Over 200 hours of troubleshooting but still unable to get etcd containers to come up

Greatings from England!

Being prevalent in providing technical support elsewhere, I am an avid fan of thrashing the issue out to the best of ones abilities first. Consequently, I have put in over 200 hours and easily over a 1000 research tabs to try to resolve the issue myself but feel it is now time to turn to the lovely people here.

Thank you massively in advance if you can spare a few moments to help me out - it would be truly appreciated!
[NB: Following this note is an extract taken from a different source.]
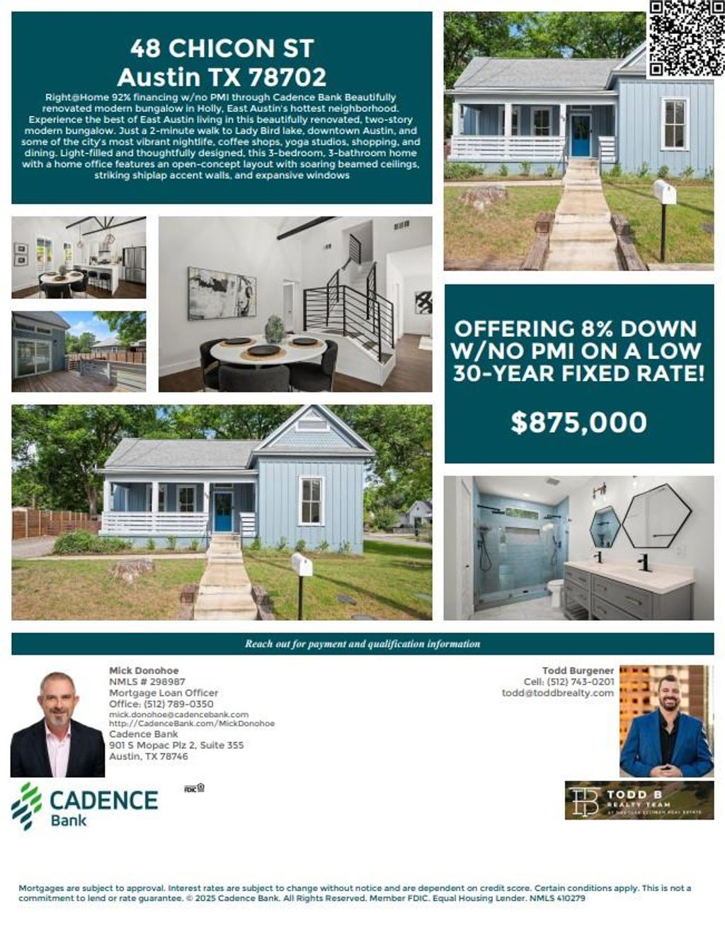 SELLER OPEN TO BUYING RATE DOWN INTO THE 5% RANGE - Beautifully renovated modern bungalow in Holly, East Austin's hottest neighborhood. Experience the best of East Austin living in this beautifully renovated, two-story modern bungalow. Just a 2-minute walk to Lady Bird lake, downtown Austin, and some of the city's most vibrant nightlife, coffee shops, yoga studios, shopping, and dining. Light-filled and thoughtfully designed, this 3-bedroom, 3-bathroom home with a home office features an open-concept layout with soaring beamed ceilings, striking shiplap accent walls, and expansive windows that flood the space with natural light. Downstairs you will find an open floor plan concept connecting the kitchen, living room and dining room. The stylish kitchen is a chef's dream with a large center island perfect for gathering with quartz countertops, ample cabinetry, storage and stainless steel appliances. Tons of unique touches throughout the home include a cozy pet nook under the stairs, a dry bar/office niche, and a spacious upstairs flex/loft area perfect for a media room, playroom, gameroom or home gym. Retreat to the main-level primary suite complete with a luxurious walk-in shower featuring dual shower heads, double vanities, and a generous walk-in closet. This home is ideal for entertaining with a fabulous front porch patio as well as a private, fenced back yard shaded by mature trees giving the backyard a great cozy vibe. This home is a gem on all levels!

Oh, and feel free to let me know if this can be better submitted.

My 1st ever k8s setup is hopefully using 4x Oracle instances and one private VPS with 6gb ram, all of which are running CentOS 7. Ideally, I’d like to test with 3x control planes and 2x workers but the logs bellow are for just 3x control planes and 1x worker as I am temporarily using one of the Oracle instances to rke up.

I’ve tried dozens of things from ensuring the servers times align, removing firewalld in place of IPTables, completely disabling firewalld, through to using different baremetals/virtuals to rke up, almost every attempt on fresh OS installs but all to no avail.
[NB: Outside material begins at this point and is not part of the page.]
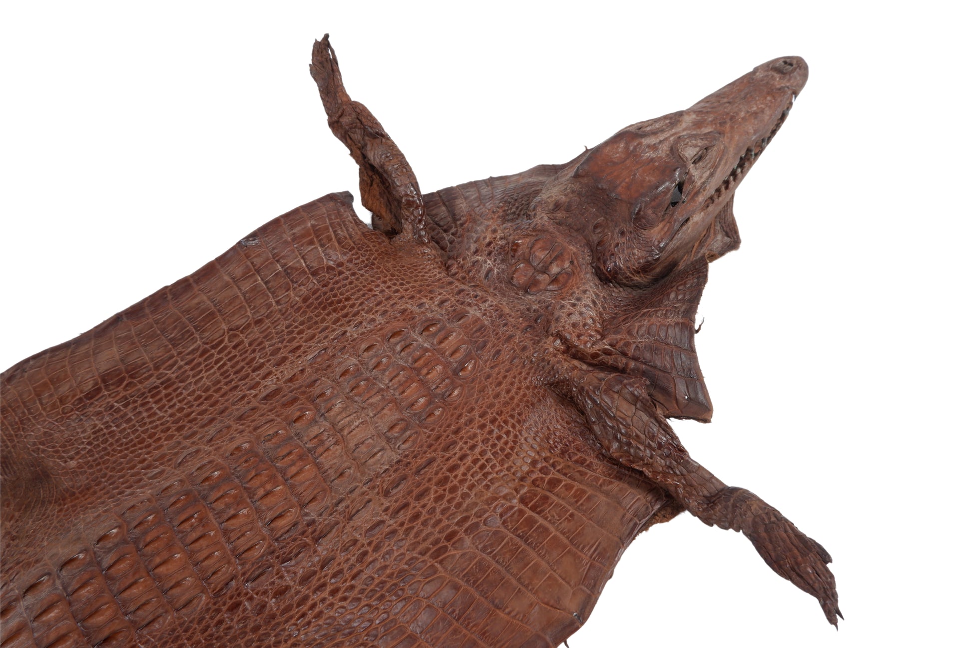 Genuine Crocodile Hornback Skin with Head Leather Hide Pelt Brown

No matter what I try, I always end up with an error like the following:

Host [140.238.87.137] is not able to connect to the following ports: [140.238.67.47:2380, 140.238.67.47:2379, 140.238.65.66:2379, 140.238.65.66:2380, 140.238.87.137:2380, 140.238.87.137:2379]. Please check network policies and firewall rules]

Despite trying to decipher the rke up log below myself, I am sadly not adept enough to work out why the etcd containers never come up.

rke -d up log from one of the Oracle instances with 3x control plans and 1x worker:

https://gist.githubusercontent.com/binvius/00e75fef1e61c3ff1c4198677eafcba8/raw/4032f01b9e147f689b70030aecb4f8c0f8c76621/gistfile1.txt

Please do let me know if further files/logs are required beyond the cluster.yml below and I will get the uploaded.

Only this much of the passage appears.